Song of Songs 2:5a
- KJV: Stay me with flagons…
- NIV: Strengthen me with raisins…
- NASB: Strengthen me with raisin cakes…
Given the raisin-oriented interpretation across translations, it’s likely no surprise that “flagons” is the odd man out. Other verses in the Bible with this word are similarly off.
Hosea 3:1 refers to those who “turn to other gods and love raisin cakes” in the NASB, and the NIV only differs by prepending it with “the sacred”. Meanwhile, the KJV calls them those “who look to other gods, and love flagons of wine.” More with the flagons. What gives?
2 Samuel 6:19 records David giving out a “cake of raisins” (NIV) to citizens among other things. The NASB says, in essence, the same thing. The KJV remains focused, translating it as “flagons of wine“.
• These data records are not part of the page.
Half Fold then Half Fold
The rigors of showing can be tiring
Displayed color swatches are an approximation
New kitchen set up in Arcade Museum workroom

These raisin cakes were made in two shapes — a nude female with oversized sexual features or a triangle representing the vulva.
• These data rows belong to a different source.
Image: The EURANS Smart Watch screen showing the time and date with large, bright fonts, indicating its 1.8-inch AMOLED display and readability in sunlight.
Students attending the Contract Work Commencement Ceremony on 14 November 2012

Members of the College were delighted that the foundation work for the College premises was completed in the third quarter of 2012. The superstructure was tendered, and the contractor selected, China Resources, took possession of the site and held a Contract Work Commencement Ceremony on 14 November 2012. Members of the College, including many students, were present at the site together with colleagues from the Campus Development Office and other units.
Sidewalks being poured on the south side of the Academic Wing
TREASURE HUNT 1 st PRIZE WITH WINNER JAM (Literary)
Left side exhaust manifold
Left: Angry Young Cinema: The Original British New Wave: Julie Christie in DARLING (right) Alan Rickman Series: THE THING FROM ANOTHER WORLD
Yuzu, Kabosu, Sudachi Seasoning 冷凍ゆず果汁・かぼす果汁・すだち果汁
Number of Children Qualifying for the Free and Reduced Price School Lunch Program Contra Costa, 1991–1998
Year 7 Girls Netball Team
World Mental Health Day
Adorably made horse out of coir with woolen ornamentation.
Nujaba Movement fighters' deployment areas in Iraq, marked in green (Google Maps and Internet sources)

Isaiah 16:7 refers to wanting “the raisin cakes of Kir Hareseth” in the NIV, and NASB, but the KJV avoids the word altogether. “For the foundations of Kir-Hareseth shall ye mourn” it says. So it’s like they don’t even buy into the flagons concept consistently.
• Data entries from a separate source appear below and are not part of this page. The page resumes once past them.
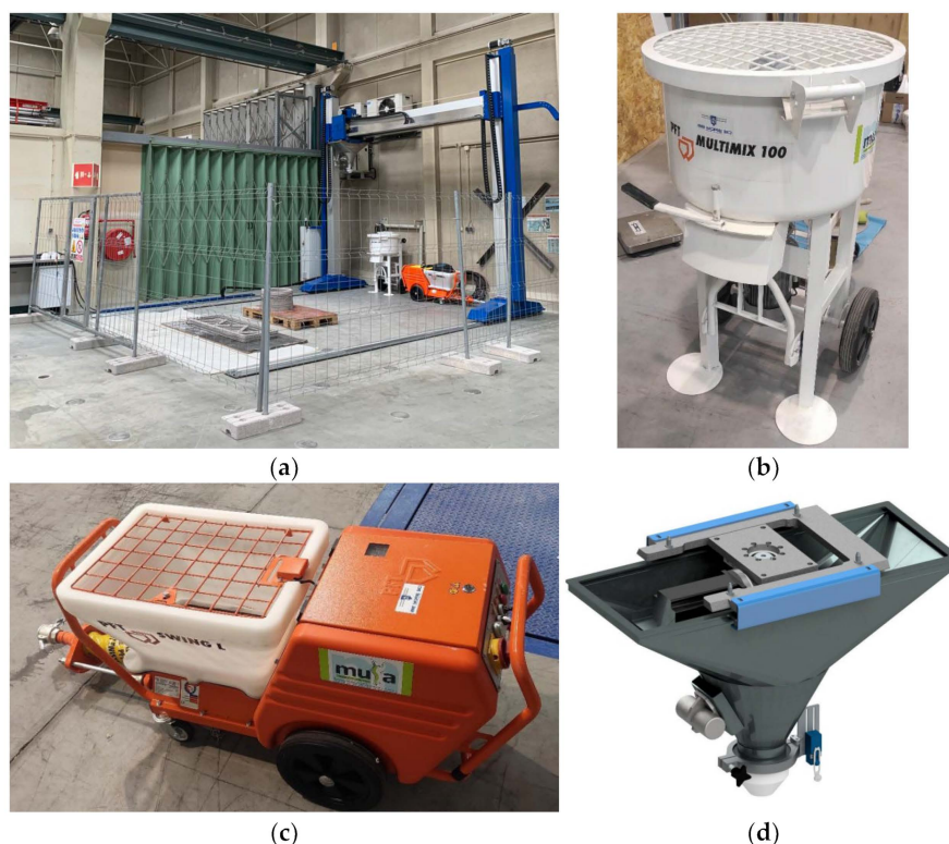
Figure 1. Gantry system constitution for 3DCP: (a) 3D printer; (b) mixer; (c) pumping system; (d) extruder with nozzle (from Be More 3D).

teristics that all designed mixtures must present [25–27] with some relevant references to experimental research.
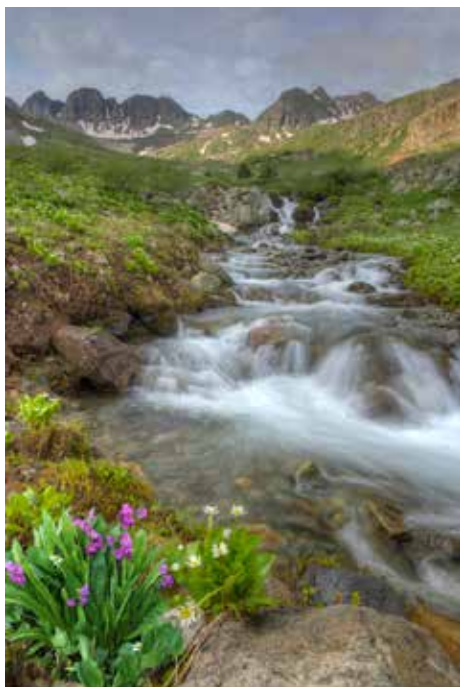
Taken at f16
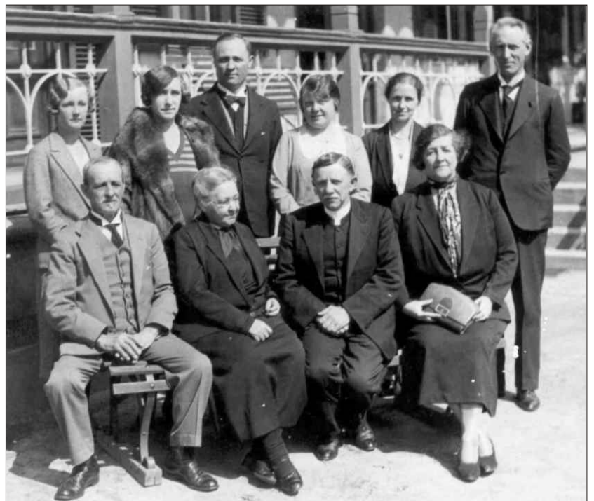
Above: The Management in 1932

One thing is certain; these items are food tied to religious festivals. David’s gifts accompanied a great party, which triggered a fight with his wife about indecency, and the Hosea and Isaiah references tie these treats to cultic celebrations.
Meanwhile, Jeremiah 7:18 describes people making cakes to portray the well-known fertility goddess Ishtar, also called the Queen of Heaven. The extensive sexual rituals this cult centered around apparently included — get this — raisin cakes made in a couple shapes.
One was Ishtar herself, a nude female with oversized sexual features. The other was a triangle representing the vulva.
Not very subtle, I admit, but these simple pastries were unsurprisingly popular and well-known throughout the region, even in other cultures like the Hebrews. You didn’t have to worship Ishtar to know, recognize, and enjoy the triangular treats and even appreciate a secularized version of the sexual message they portrayed.
As a result, it’s highly possible that these seemingly innocent raisin cakes were actually rich in erotic symbolism.